An interim report by the EU Commission confirms that Greece has a strong and determined government which is serious about tackling the country's woes and has started delivering on its promises. All is not rosy, but at least the country is ruled by a team that means business, says what it means and does what it says.
Things haven't been easy for the government of George Papandreou, who must take credit for telling the truth about his country's nightmarish problems and then seeing that the only way it could solve them was the hard way. Greek workers this week went on their sixth general strike this year, before an important Parliament vote on a bill that will raise the retirement age, cut pensions, lower basic salaries and make it easier to fire workers.

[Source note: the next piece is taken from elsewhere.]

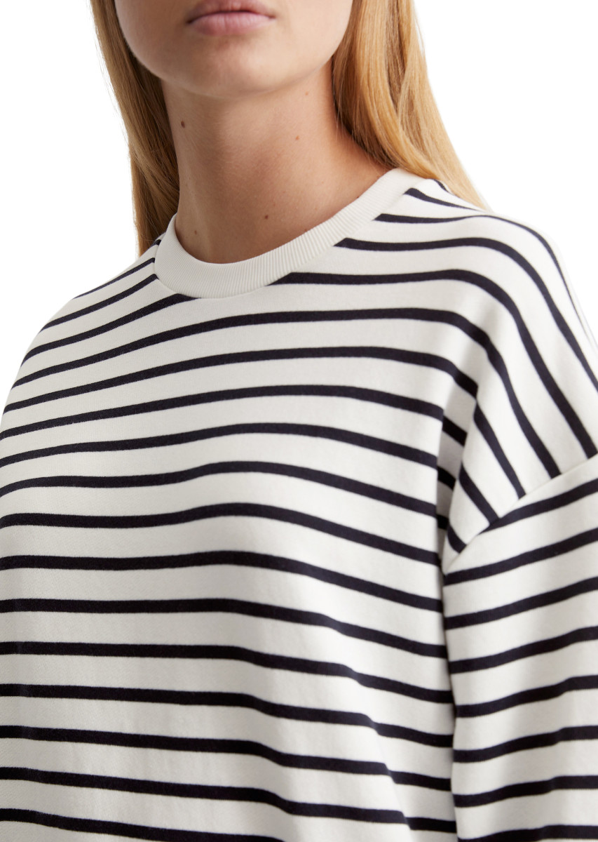 Sie gehörten zu den größten Sweatshirt-Trends der letzten Saisons, sind auch diesen Herbst/Winter wieder ein Must-Have und zählen mittlerweile zu den absoluten Essentials: gestreifte Sweatshirts. Unser lässiges Oversize-Modell ist aus reiner, garngefärbter Bio-Baumwolle mit der charakteristischen Frottee-Innenseite. Locker geschnitten mit fein geripptem Rundhalsausschnitt, überschnittenen Schultern und breiten Rippbündchen an Ärmeln und Saum. Wer es rundum lässig mag, kombiniert das Sweatshirt mit einer klassischen Jeans oder Wide Leg Pants und coolen Sneakern.

As the EU report makes clear, there are some areas where Greece is still lagging - notably inflation, tax collection and reform of the long-fraudulent statistics apparatus. But considering the task at hand, this isn't surprising. Other EU governments, forced by market discipline to face their own budgetary problems, aren't showing the same determination.

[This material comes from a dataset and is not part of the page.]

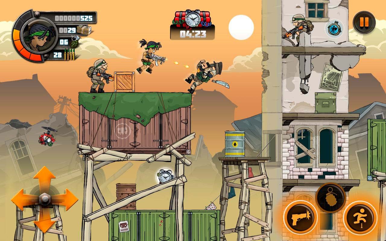 В этой игре герой сможет испытать невообразимое количество возможностей, которых не найти в других платформерах стрелялках. Больше пятнадцати оригинальных миссий, в конце которых есть свои мощные боссы нужно будет пройти, чтобы добраться до последнего места. Герой сможет воспользоваться мощным боевым танком или даже вертолетом, чтобы уничтожать своих противников. Встречайтесь с террористами на этой увлекательной войне и поднимайтесь в воздух, чтобы и там сразиться с ними. Еще никогда игрок не видел столько возможностей в одном платформере.

Even if Greece implements its programme to the last detail, it might be difficult for the country to avoid restructuring of a debt load that will near 150 percent by 2016. With 10-year government bond spreads still at almost 8 percentage points above German bunds, the market is certainly deeply sceptical.
Euro zone leaders understandably don't want to talk about it now when there is so much uncertainty in the rest of the region. But if restructuring indeed is on the cards, Papandreou is definitely the type of leader debtors will want to deal with.